| Exercise description |
Omit all pictures, then retype the data exactly as given.

| Input data |
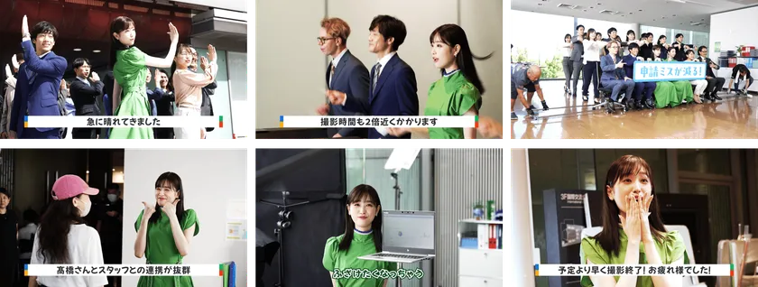 当日はあいにくの曇り空…と思いきや、撮影が始まったとたん快晴に!前回に続いて晴れ女ぶりを発揮した髙橋さん。今回は大人数で動きを合わせる難しいシーンが続くうえに、二人の髙橋さんが登場するということで撮らなければいけないカットも2倍…そんな大変な撮影でも笑顔を絶やさず、「ついついふざけたくなっちゃう(笑)」と多彩なアドリブで現場を和ませてくれました。サービス精神とやさしさに溢れる髙橋さんの姿をお楽しみください!
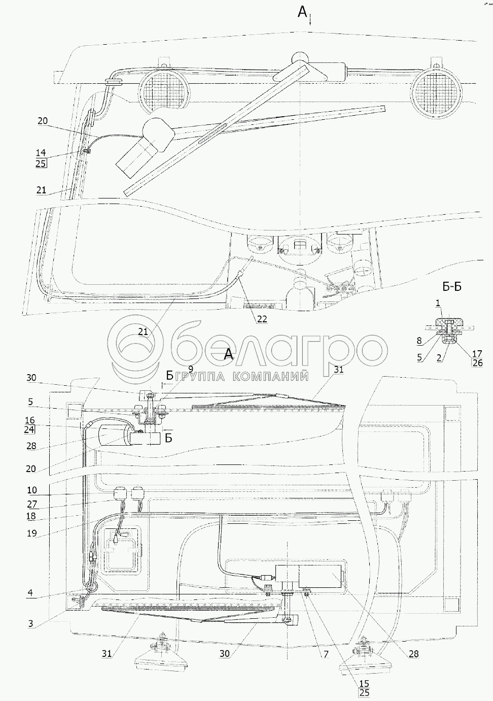 Каталог запасных частей к технике: МТЗ Беларус-422.1. Установка стеклоочистителей
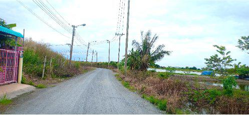 ที่ดินเป็นรูปสี่เหลี่ยม ด้านหน้าติดถนนเลียบคลองบางบ่อ หน้ากว้างติดถนนประมาณ 90 เมตร ด้านข้างติดถนนสาธารณะ ยาวประมาณ 375 เมตร

| Reply |
 当日はあいにくの曇り空…と思いきや、撮影が始まったとたん快晴に!前回に続いて晴れ女ぶりを発揮した髙橋さん。今回は大人数で動きを合わせる難しいシーンが続くうえに、二人の髙橋さんが登場するということで撮らなければいけないカットも2倍…そんな大変な撮影でも笑顔を絶やさず、「ついついふざけたくなっちゃう(笑)」と多彩なアドリブで現場を和ませてくれました。サービス精神とやさしさに溢れる髙橋さんの姿をお楽しみください!
 Каталог запасных частей к технике: МТЗ Беларус-422.1. Установка стеклоочистителей
 ที่ดินเป็นรูปสี่เหลี่ยม ด้านหน้าติดถนนเลียบคลองบางบ่อ หน้ากว้างติดถนนประมาณ 90 เมตร ด้านข้างติดถนนสาธารณะ ยาวประมาณ 375 เมตร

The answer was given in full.